At the line that holds "(2) Connect the", start repeating, and keep going exactly through the final line of the material; include both ends and skip the pictures.

STORED DATA:
··········
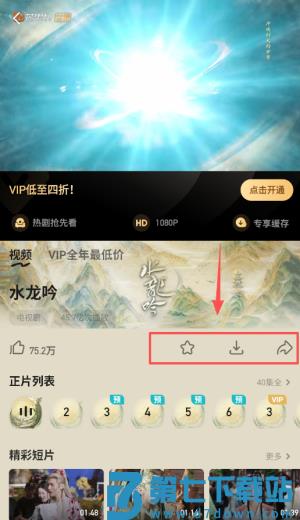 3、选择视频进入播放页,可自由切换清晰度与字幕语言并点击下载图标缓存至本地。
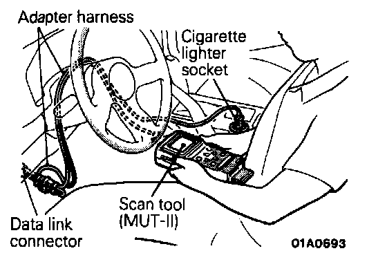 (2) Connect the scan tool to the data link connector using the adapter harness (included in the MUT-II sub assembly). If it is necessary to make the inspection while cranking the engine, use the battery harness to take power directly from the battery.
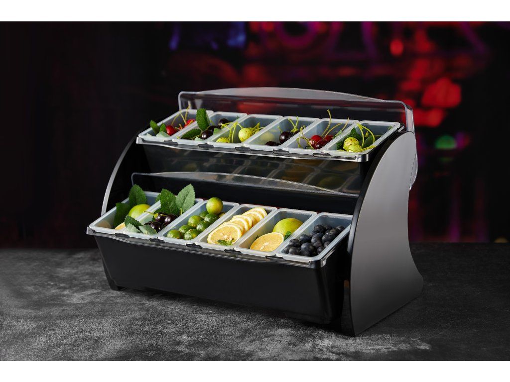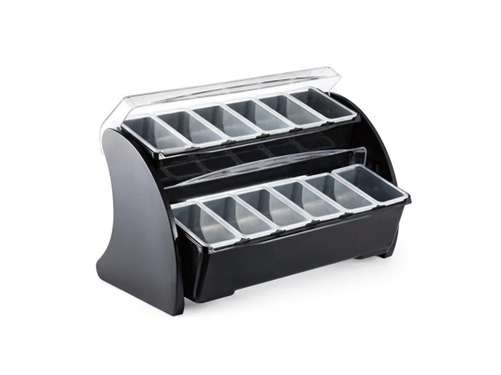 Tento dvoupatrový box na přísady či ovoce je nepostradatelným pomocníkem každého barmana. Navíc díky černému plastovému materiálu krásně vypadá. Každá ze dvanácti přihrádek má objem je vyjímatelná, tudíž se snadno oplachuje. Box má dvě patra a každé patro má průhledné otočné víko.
··········
COMPLETED EXERCISE:
 (2) Connect the scan tool to the data link connector using the adapter harness (included in the MUT-II sub assembly). If it is necessary to make the inspection while cranking the engine, use the battery harness to take power directly from the battery.
 Tento dvoupatrový box na přísady či ovoce je nepostradatelným pomocníkem každého barmana. Navíc díky černému plastovému materiálu krásně vypadá. Každá ze dvanácti přihrádek má objem je vyjímatelná, tudíž se snadno oplachuje. Box má dvě patra a každé patro má průhledné otočné víko.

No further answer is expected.